The zinnias, I who saw them can affirm, made a most brilliant mass of color not altogether harmonious; but all was set right by the introduction, sparingly managed, of the lovely ageratum, Dwarf Imperial Blue. The eye of her who arranged these flowers saw that a balm was needed in Gilead; the ageratum certainly brought the zinnia colors into harmony as nothing else could have done, and a charmingly gay and original decoration was the result. What a suggestion here, too, for the planting of a little garden of annuals!

We are apt to think of balance in the formal garden as obtained for the most part by the use of accents in the shape of formal trees, or by some architectural adjunct. I believe that color masses and plant forms should correspond as absolutely as the more severe features of such a garden. For example, in practically the same spot in all four quarters of my garden there are, for perhaps four to six weeks, similar masses of tall white hardy phloxes, the blooming period beginning with von Lassburg and closing with Jeanne d'Arc, the white repeated in the dwarf phlox Tapis Blanc in four places nearer the centre of the garden.

For accents in flowers, the mind flies naturally to the use, first, of the taller and more formal types of flowers. Delphiniums with their fine uprightness and glorious blues; hollyhocks where space is abundant and rust doth not corrupt; the magnificent mulleins, notably Verbaseum Olympicum, might surely emphasize points in design; and I read but now of a new pink one of fine color, which, though mentioned as a novelty in Miss Ellen Willmott's famous garden at Warley, England, will be sure to cross the water soon if invited by our enterprising nurserymen. Lilies of the cup-upholding kinds, standard roses, standard wistarias, standard heliotropes are all to be had. The use of the dwarf or pyramidal fruit-tree in the formal garden is very beautiful to me, recalling some of the earliest of the fine gardens of England, and (where the little tree is kept well trimmed) offering a rarely interesting medium for obtaining balanced effects.



But the tall plants are not the only available means for producing balanced effects. Lower masses of foliage or flowers have their place. They must be masses, however, unmistakable masses. Thus, in the illustration facing page 68, each of the large flower masses of baby's breath (Gypsophila elegans) consisting of the bloom of but a single well-developed plant is repeated in every instance in four corresponding positions in this garden.

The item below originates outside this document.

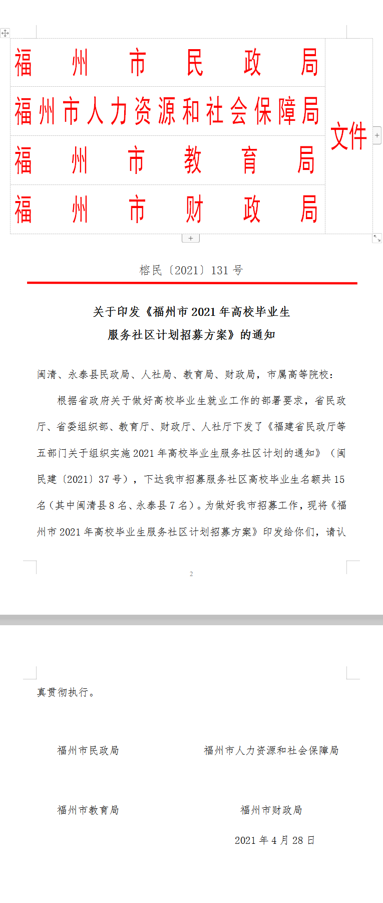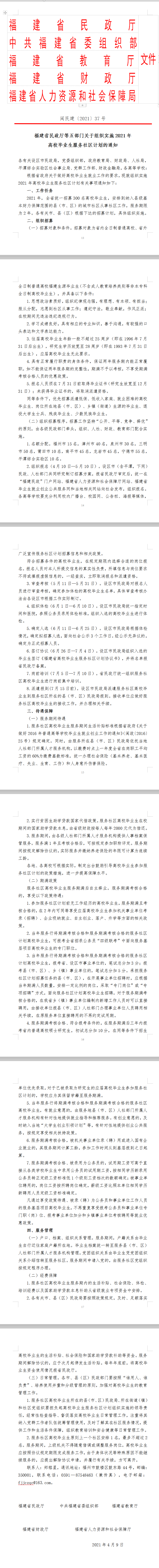 榕黎院学〔2021〕14号——关于转发福州市民政局等四部门《关于印发〈福州市2021年高校毕业生服务社区计划招募方案〉的通知》的通知
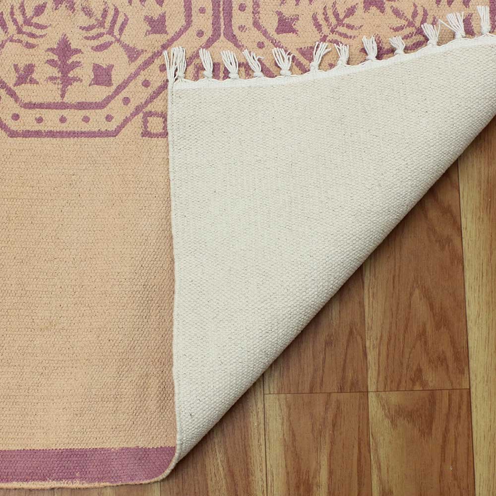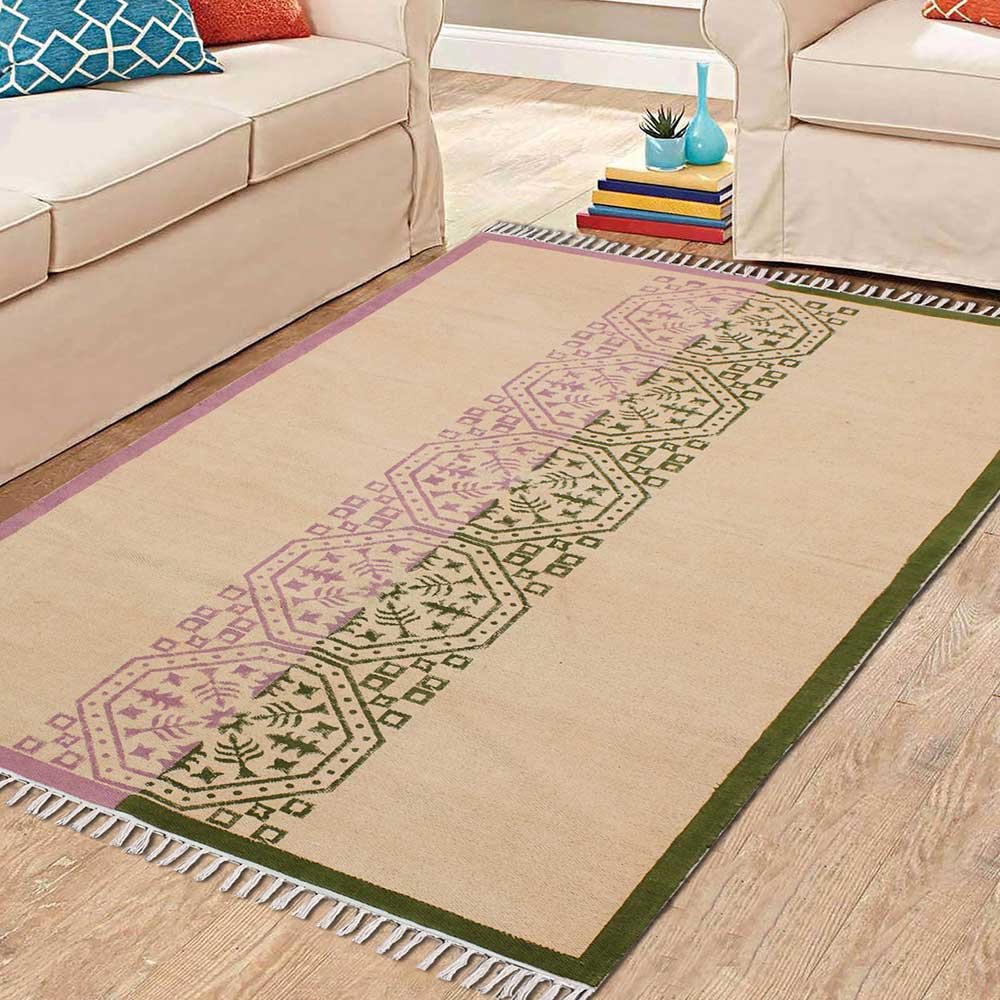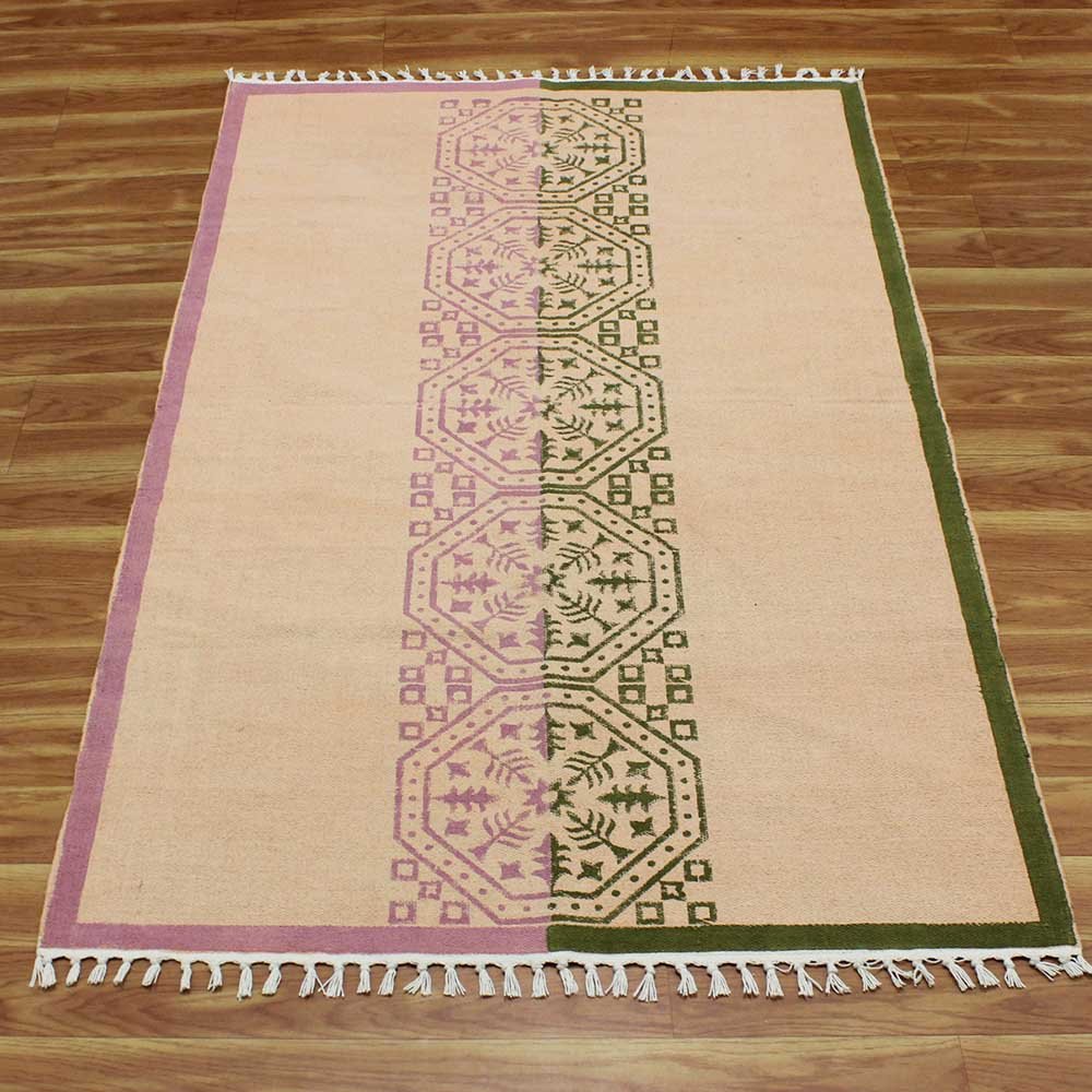 This is a beautiful handmade Cotton kilim rug weaved on Indian looms stamped with natural vegetable-dyes using hand-made wooden blocks achieving the perfection of block printing art of Jaipur. This is best suitable for your home office entrance, bedroom, living room, kids room, dining room, kitchen,outdoor patio, terrace, beach and garden.

There was too much gypsophila in bloom at once when this picture was made, but because some was double the effect was not as monotonous as the photograph would make out. In a fine garden in Saginaw, Michigan, designed and planted by Mr. Charles A. Platt, balance is preserved and emphasized in striking fashion by the use of the plantain lily (Funkia Sieboldii, or grandiflora), with its shining yellow-green leaves. Masses of this formal plant are here used as an effective foreground for a single fine specimen bush, not very tall, of Japan snowball (Viburnum plicatum). The poker flower (Tritoma Pfitzeri) is also used in this garden to carry the eye from point to corresponding point; and speaking of tritoma, which Mr. Platt in this garden associates with iris, let me mention again that delightful ageratum, as I lately saw it, used below tritoma. The tritoma must have been one of the newer varieties, of an unusual tone of intense salmonyorange, and while the ageratum would seem too insignificant in height to neighbor the tall spike above it, the use of the lavender-blue in large masses added enormously to the effect of the torches.

In the second illustration, the rather thin-looking elms seem to flank the garden entrance rather fortunately. A certain pleasurable sensation is felt in the balance afforded by the doubly bordered walk with its blue and lavender Michaelmas daisies or hardy asters. It is surely the repetition of the twos which has something to do with this: two borders, two posts, two trees, the eye carried twice upward by higher and yet higher objects.